**ASSIGNED TASK:** Everything from the line with "Wire Shelving 4-Shelf" through the final line of the listing below must be retyped exactly, apart from the pictures.

**DATA BELOW:**
━━━━━━━━━━
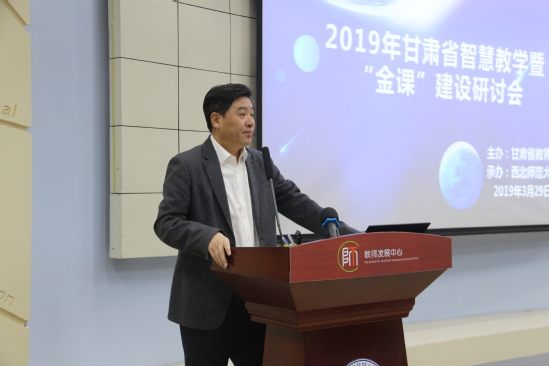 此次高校智慧教学暨“金课”建设研讨会的主题是“深入贯彻落实全国教育大会、新时代全国高等学校本科教育工作会议精神,以智慧教学推动信息技术与教育教学的深度融合,全面提高高校人才培养能力和质量,助推甘肃高等教育‘变轨超车’”。
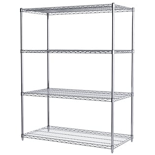 Wire Shelving 4-Shelf Starter Units come with 4 shelves, 4 posts and 8 S-Hooks for extending shelving end-to-end, back-to-back or 90 degrees. Posts include leveling feet. Make a mobile unit by adding AWPCAST4 or AWPCAST5Y.
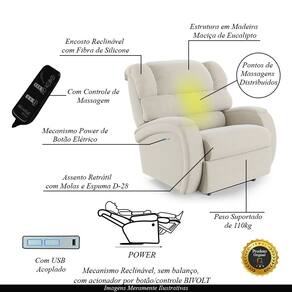 Diferenciais: Poltrona Elétrica com Massagem, Apoio de pés retrátil, botão LED para acionamento
━━━━━━━━━━
**RESULT:**
 Wire Shelving 4-Shelf Starter Units come with 4 shelves, 4 posts and 8 S-Hooks for extending shelving end-to-end, back-to-back or 90 degrees. Posts include leveling feet. Make a mobile unit by adding AWPCAST4 or AWPCAST5Y.
 Diferenciais: Poltrona Elétrica com Massagem, Apoio de pés retrátil, botão LED para acionamento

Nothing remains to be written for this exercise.